• [TASK GOAL]
The output consists only of the lines from the one with "This shrub should" through the end of the records, each printed exactly, and contains no pictures.

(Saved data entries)
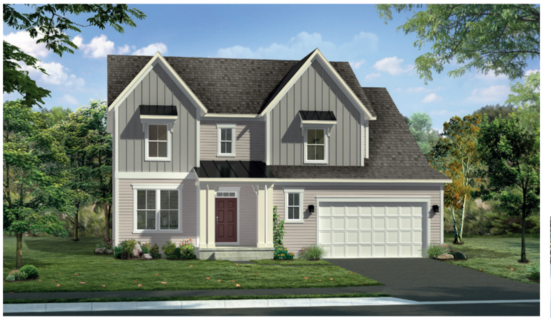
(shown with optional features)
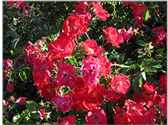
Flower Carpet Red Rose flowers

This shrub should only be grown in full sunlight. It does best in average to evenly moist conditions, but will not tolerate standing water. It is not particular as to soil type or pH. It is somewhat tolerant of urban pollution. This particular variety is an interspecific hybrid.
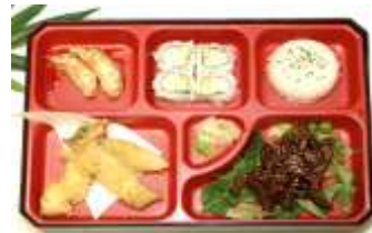
Bulgogi Chicken or Beef

Bulgogi Chicken or Beef 4 pcs California Roll 2 pcs Shrimp & Vegetable Tempura, 1 pc Egg Roll, Steamed Rice

• [ANSWER TO THIS PROBLEM]
This shrub should only be grown in full sunlight. It does best in average to evenly moist conditions, but will not tolerate standing water. It is not particular as to soil type or pH. It is somewhat tolerant of urban pollution. This particular variety is an interspecific hybrid.
Bulgogi Chicken or Beef

Bulgogi Chicken or Beef 4 pcs California Roll 2 pcs Shrimp & Vegetable Tempura, 1 pc Egg Roll, Steamed Rice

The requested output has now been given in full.